Folk brings more than 18 years of experience supporting the national and homeland security communities, working in operations, intelligence, infrastructure protection, and cybersecurity programs for the DoD, IC, and DHS.
In this interview he discusses the challenges involved in working with several U.S. government agencies, approaching the insider threat, the resilience of the government cyber ecosystem, future threats, and more.
How has your background prepared you for your current role as Director of the HS SEDI FFRDC National Protection Division? What are the main challenges involved in working in this position?
I have had the privilege of being involved in a wide range of national and homeland security missions over the course of my career. At MITRE, a not-for-profit organization that operates federally funded research and development centers for several U.S. government agencies, I started out supporting the Department of Defense (DoD) on sensitive activities and special programs, then changed to an intelligence focus and ultimately, to a homeland security focus.

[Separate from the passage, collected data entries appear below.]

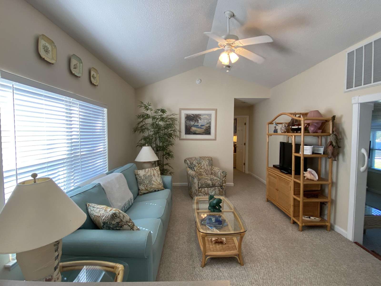 Unwind at the Sandy Feet Retreat, your cozy home in Ocean Lakes Family Campground! This 3BR/3BA house features a golf cart, two living spaces, and a relaxing porch.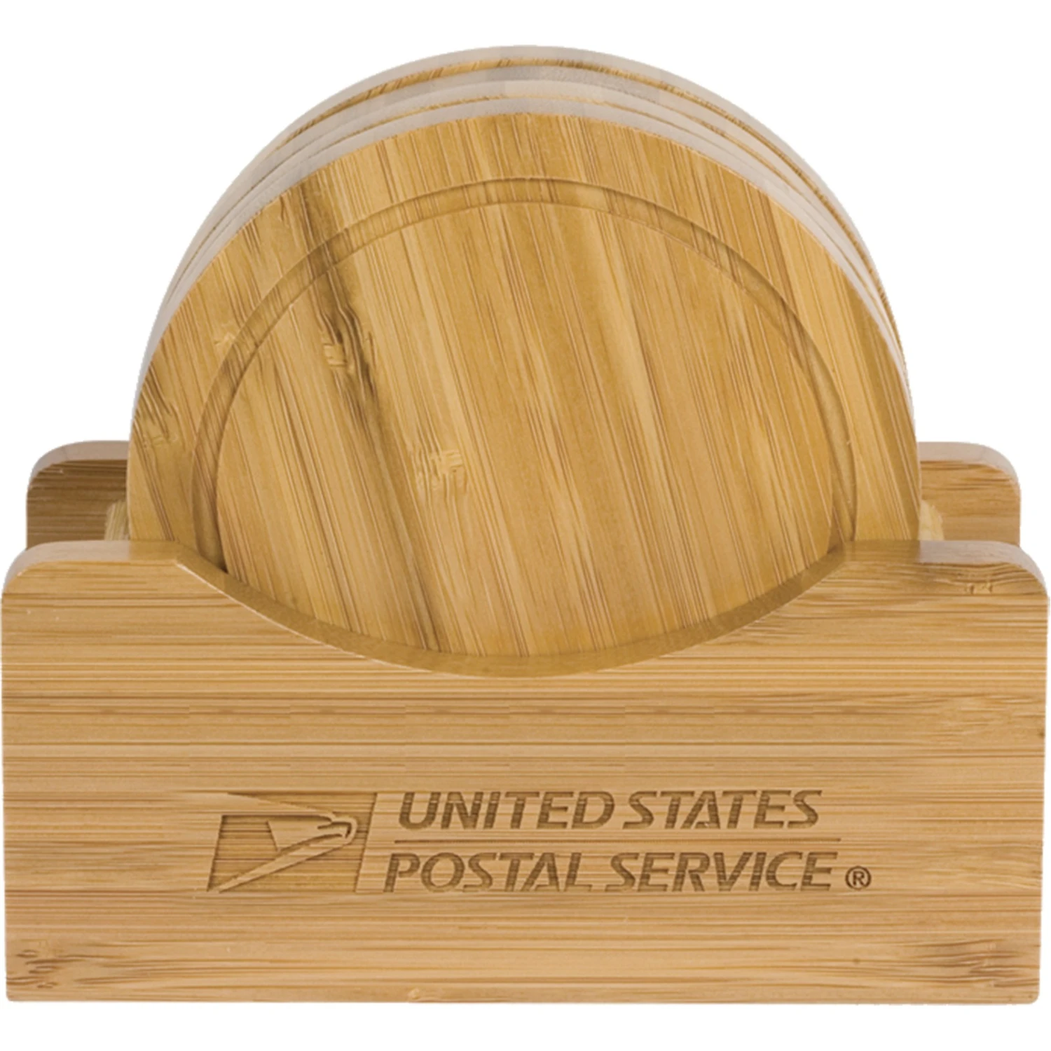 This comely set of 4 grooved bamboo coasters comes complete with bamboo holder. 5.25″ W x 4 1/2″ H x 2″ D
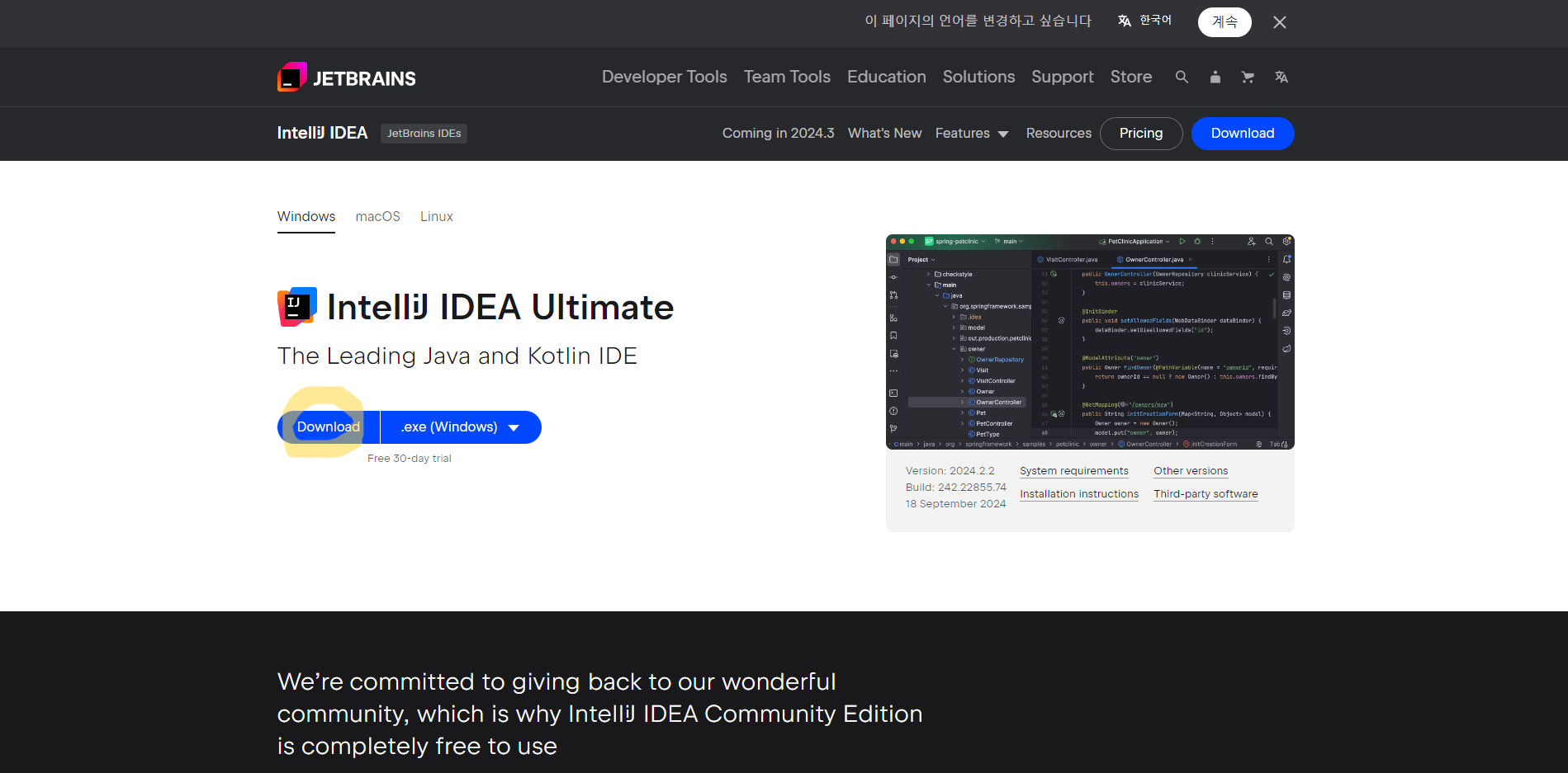 IntelliJ IDEA Ultimate 버전으로 설치해준다.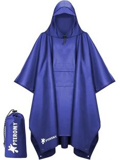 PTEROMY Hooded Rain Poncho for Adult with Pocket, Waterproof Lightweight Unisex Raincoat for Hiking Camping Emergency

Working across those three missions has provided me with a very strong foundation to address the challenges my team faces today. I’ve also supported the U.S. Navy, the Department of Energy, the FBI, the U.S. Intelligence Community and helped stand up DHS — it’s been very well-rounded and thorough exposure. I understand how these vastly different organizations and their missions intersect; they must work in concert with one another to help bring the right solutions to their individual national defense and security missions.
What's the most underrated digital threat to the critical infrastructure at the moment?
We have been intensely focused on securing the .gov and less so on helping commercial companies understand or appreciate the threat they face. A fundamental change to our cybersecurity game is to alter what we watch and what we share.
For the past 30 years, companies have primarily played a reactive game of, “reduce the attack surface.” In other words, we have become obsessed with understanding ourselves and our own networks, our own devices. We have felt that if we can fully understand all of our infrastructure and the associated vulnerabilities, then we can use software products to mitigate threats by blocking malicious sites and patching systems to correct exploitable vulnerabilities. As with most complex problems, this singularly focused approach is not bad, but it is not sufficient.
The issues with this approach are many. Simply “reducing the attack surface” demands too close of a focus on identifying vulnerabilities in our own systems, an approach we have seen fail again and again for more than 30 years. It requires that we look inward and not outward. It assumes, at a time when systems are highly complex and connected to one another in ever changing ways, that it is even possible to understand all potential vulnerabilities. It also tends to focus on discrete incidents. And finally, when we only focus on vulnerabilities, it means that vulnerability information is the most valuable information an organization has to share with the government or other corporations who have joined forces with us in preventing cyber attacks. Many organizations are uncomfortable—and frankly, unwilling—to share information about weaknesses in their own systems.